_Extracted material_
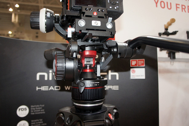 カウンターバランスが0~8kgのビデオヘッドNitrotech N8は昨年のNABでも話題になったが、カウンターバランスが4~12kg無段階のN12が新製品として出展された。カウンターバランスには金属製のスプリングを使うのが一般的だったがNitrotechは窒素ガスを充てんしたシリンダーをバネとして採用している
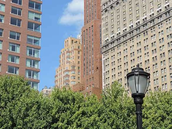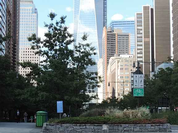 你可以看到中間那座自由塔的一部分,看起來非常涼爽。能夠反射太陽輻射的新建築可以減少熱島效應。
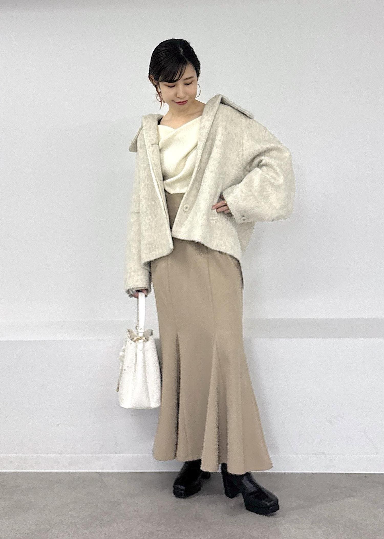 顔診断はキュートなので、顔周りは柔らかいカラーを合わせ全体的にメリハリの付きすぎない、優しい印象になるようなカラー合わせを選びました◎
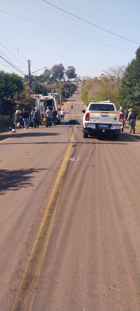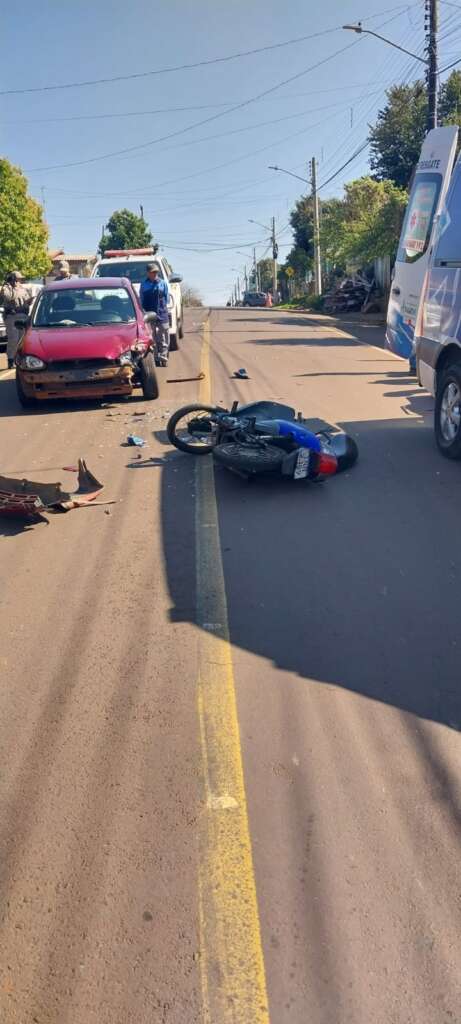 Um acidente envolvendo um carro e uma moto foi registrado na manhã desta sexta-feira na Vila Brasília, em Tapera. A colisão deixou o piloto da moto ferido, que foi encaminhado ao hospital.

---

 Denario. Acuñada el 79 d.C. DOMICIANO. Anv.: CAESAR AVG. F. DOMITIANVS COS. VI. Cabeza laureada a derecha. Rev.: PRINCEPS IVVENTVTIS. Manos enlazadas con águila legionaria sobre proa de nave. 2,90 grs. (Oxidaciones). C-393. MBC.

_Requirement_
Only the lines above from the one containing "カウンターバランスが0~8k" through the one containing "Um acidente envolvendo" should be returned, verbatim and inclusive, with pictures excluded.

_Exercise response_
 カウンターバランスが0~8kgのビデオヘッドNitrotech N8は昨年のNABでも話題になったが、カウンターバランスが4~12kg無段階のN12が新製品として出展された。カウンターバランスには金属製のスプリングを使うのが一般的だったがNitrotechは窒素ガスを充てんしたシリンダーをバネとして採用している
 你可以看到中間那座自由塔的一部分,看起來非常涼爽。能夠反射太陽輻射的新建築可以減少熱島效應。
 顔診断はキュートなので、顔周りは柔らかいカラーを合わせ全体的にメリハリの付きすぎない、優しい印象になるようなカラー合わせを選びました◎
 Um acidente envolvendo um carro e uma moto foi registrado na manhã desta sexta-feira na Vila Brasília, em Tapera. A colisão deixou o piloto da moto ferido, que foi encaminhado ao hospital.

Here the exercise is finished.